By 1915, the business appears to have gone under. Between 1928 and 1934, the present 353 West Main Building was constructed, initially housing the Umstead Hardware Store. By 1939, however, Purity Stores (a grocer) had moved offices and a retail outlet to the building.

(Courtesy The Herald-Sun Newspaper)

Purity Stores remained the occupant of the building through at least the 1960s. Of late, it has been occupied by a series of different businesses, including New Synergy Architects, the Empowerment Center, and, most recently, the Republic - a bar/club.


It's somewhat of an odd building, architecturally, with fine details around the windows, but a very flat, un-corniced facade otherwise - except on the first floor, where there is a frieze and quoins on the corners. With replacement of the windows with flat, detail-less dark glass/mullions, the 'blankness' element of the facade is emphasized, while the first floor elements are accentuated by the addition of the two columns.
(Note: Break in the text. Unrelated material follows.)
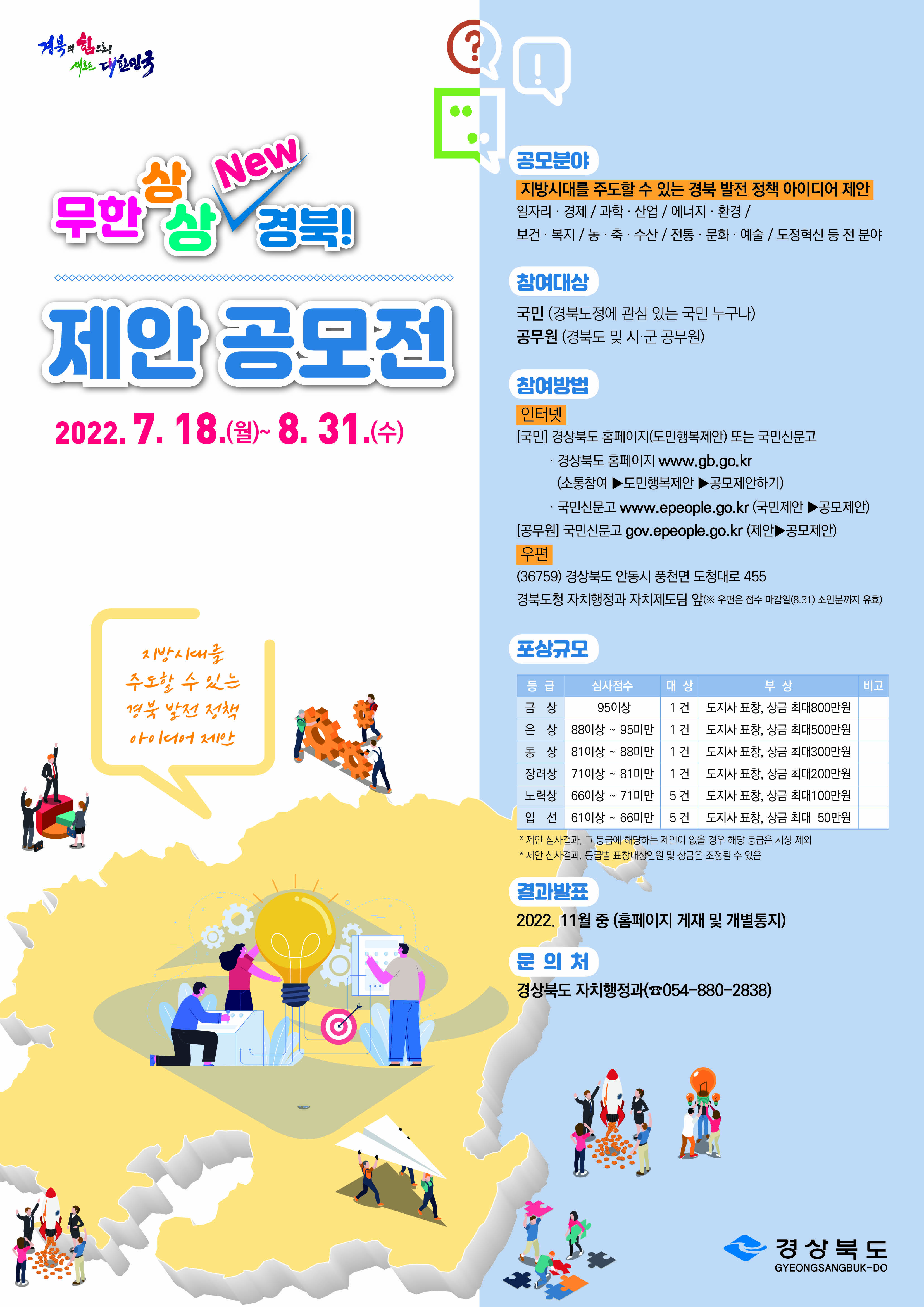 무한상상! 새로운 아이디어 발굴로 새로운 경북 꿈꾸다- 「무한상상! New경북!」 2022년도 제안 공모전 개최 -- 7.18 ~ 8.31까지, 국민신문고 및 도 홈페이지 통해 참여 가능
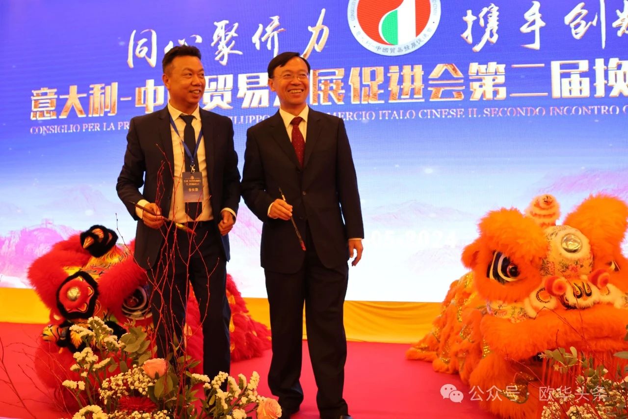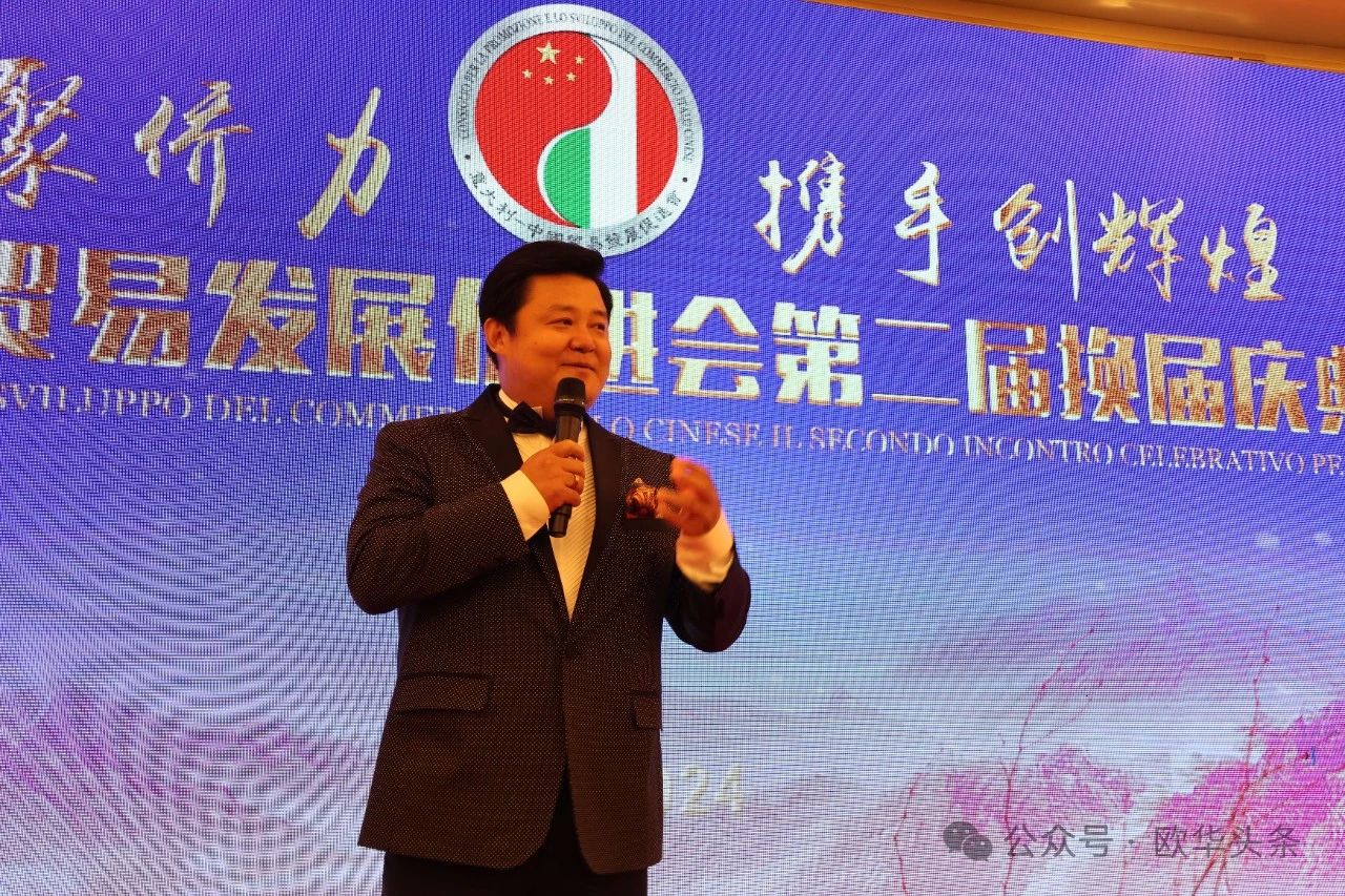 (陈静)2024年5月11日下午,意大利-中国贸易发展促进会第二届换届庆典大会在普拉托聚福酒店如期举行。中国驻佛罗伦萨总领事馆代总领事管仲奇、托斯卡纳大区议员Iraria Bugetti、Carmignano市市长Edoardo Prestanti、普拉托前文化局局Daniela Toccafondi、温州市侨联董邦云副主席等政要,以及来自欧洲、美洲、中国和意大利罗马、米兰、帕多瓦、佛罗伦萨、普拉托等地区的各侨社代表、企业家、华侨华人、中意各界友好人士500多人汇聚一堂,共同见证这一重要时刻。

It doesn't really work for me, but I'm happy the building is still here, contributing to the uninterrupted facade that stretches east.

Find this spot on a Google Map.



"Jno." is not a spelling error: it's an old-fashioned abbreviation for "John." "Jas." is "James," "Geo." is "George," and there are others as well.

Thanks Jno. :)

I'm familiar with the others, but not that one. I've seen "Jn." before in the city directories, but not Jno. Funny the desire to abbreviate such short names - I guess when type is expensive/labor intensive, such is the outcome. We've now established the link between 19th century city directories and texting....


The way the building tapers to be narrower at the southern end lends it an interesting apparent flatness in the modern photo Gary posted. At first glance, I thought the 2nd and 3rd floors had been removed from behind the facade, which would have explained why the windows on those levels are so dark.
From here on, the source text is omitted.